La Rai è sempre, innegabilmente, un’impresa culturale, un luogo in cui si producono idee -o almeno di dovrebbe-, contenuti, modi di intendere la realtà. Basta lasciarci lavorare. Basta riprendere in mano la propria funzione e pensare al pubblico e non a chi ha messo il tal dirigente o il tal conduttore o il tal dei tali.
Siamo stati nei 60 anni di storia alle nostre spalle inventori e realizzatori di tutti i format possibili: lo ha dimostrato oramai dieci anni fa Giovanni Minoli a Marco Bassetti, allora patron Endemol, in un’intervista indimenticabile de “La storia siamo noi” del 31 maggio 2007.
Tutti i programmi possibili e immaginabili erano stati già messi in onda nei 50 anni di RAI precedenti. Quindi denudava la “moda” (sic!) del format per quello che era: una truffa bella e buona. Chi come molti di noi ha lavorato prima degli anni ‘90 sa bene che un pugno di programmisti, un conduttore e un regista erano capaci di mettere in piedi programmi nuovi che girano ancora oggi ma “firmati” da autori, consulenti, collaboratori ai testi dal numero imprecisato. Sa bene che per fare talk o quiz (spesso assai poco televisivi e di valore divulgativo e formativo) non servono format o società esterne o decine di persone. Solo che chi ha memoria lunga, quelle professionalità interne, oggi sono diventate marginali e di tutela aziendale per appalti e collaboratori.

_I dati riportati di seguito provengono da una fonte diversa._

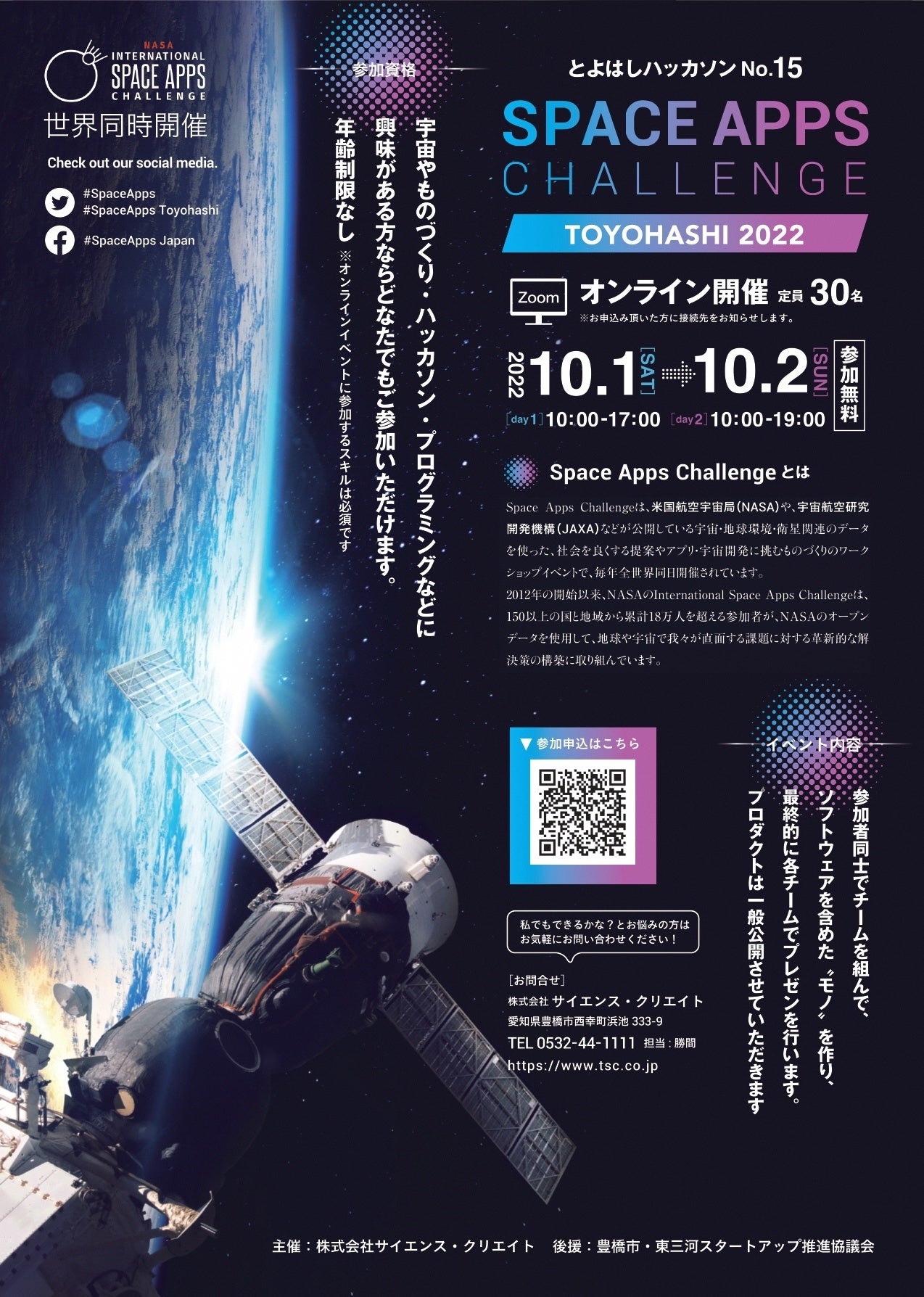 豊橋市は、「NASA Space Apps Challenge Toyohashi」として、第3セクターの株式会社サイエンス・クリエイトが主催します。

Purtroppo stiamo scemando in numero e marginalizzati nei ruoli per poter segnare i tempi. Ma ci siamo ancora e non smetteremo di ricordare a tutti che un’altra RAI è possibile.
Un’azienda come la nostra Rai ha un’identità da salvaguardare, lo gridiamo da decenni in tutte le manifestazioni. Identità, riconoscibilità che hanno prodotto e lasciato ad oggi un patrimonio senza tempo: dalle inchieste di Zavoli alle interviste di Biagi, dai reportage e film indimenticabili di Comencini e di Pasolini, lasciando i suoi mezzi nelle mani dei Pontecorvo, di Camilleri, di Moretti, di Lizzani, Montaldo, passando dalla satira geniale dei Guzzanti, allo sport, al cabaret, alla musica, al cinema, ai programmi per bambini. Non manca niente.

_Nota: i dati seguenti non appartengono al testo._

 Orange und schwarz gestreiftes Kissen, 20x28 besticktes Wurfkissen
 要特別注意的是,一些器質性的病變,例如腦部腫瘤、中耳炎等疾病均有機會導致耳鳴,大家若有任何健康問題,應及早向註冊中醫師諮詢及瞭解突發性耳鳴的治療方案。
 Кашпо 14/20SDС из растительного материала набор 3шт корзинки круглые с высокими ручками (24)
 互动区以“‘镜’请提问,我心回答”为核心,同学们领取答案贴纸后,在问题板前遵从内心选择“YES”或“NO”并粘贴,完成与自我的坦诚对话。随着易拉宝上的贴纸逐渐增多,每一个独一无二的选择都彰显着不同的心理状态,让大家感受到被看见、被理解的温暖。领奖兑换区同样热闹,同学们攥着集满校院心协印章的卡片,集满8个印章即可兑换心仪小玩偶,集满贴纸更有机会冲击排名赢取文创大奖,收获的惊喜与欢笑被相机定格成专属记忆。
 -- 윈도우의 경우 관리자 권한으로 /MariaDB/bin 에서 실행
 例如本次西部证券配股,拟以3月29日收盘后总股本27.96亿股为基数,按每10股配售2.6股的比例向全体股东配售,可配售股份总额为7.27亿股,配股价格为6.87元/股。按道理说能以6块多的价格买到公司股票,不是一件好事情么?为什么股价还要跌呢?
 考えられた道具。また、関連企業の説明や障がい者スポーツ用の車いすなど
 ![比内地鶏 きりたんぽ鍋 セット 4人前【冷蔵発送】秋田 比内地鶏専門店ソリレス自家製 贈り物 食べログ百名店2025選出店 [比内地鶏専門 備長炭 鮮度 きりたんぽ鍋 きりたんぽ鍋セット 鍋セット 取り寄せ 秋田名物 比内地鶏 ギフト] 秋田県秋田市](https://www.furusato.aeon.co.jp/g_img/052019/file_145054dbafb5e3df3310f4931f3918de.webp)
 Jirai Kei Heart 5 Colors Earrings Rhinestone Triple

All’elogio funebre di un uomo di spettacolo come Gianni Boncompagni , nessuno ha ricordato che all’origine della sua carriera radiotelevisiva ci fosse la vincita di un concorso nel 1964 come programmatore di musica leggera radiofonico. E di concorsi in rai ne possiamo contare quanti per l’area editoriale?
Lavorare in Rai è stato ed è ancora per molti di noi, sinonimo di qualità del lavoro, di professionalità, per tutti. Dentro e fuori. E i programmi da sempre sono stati realizzati con il contributo di assistenti, programmisti, registi , pochi e con stipendio ben al di sotto dei tetti che spaventano oggi tanti.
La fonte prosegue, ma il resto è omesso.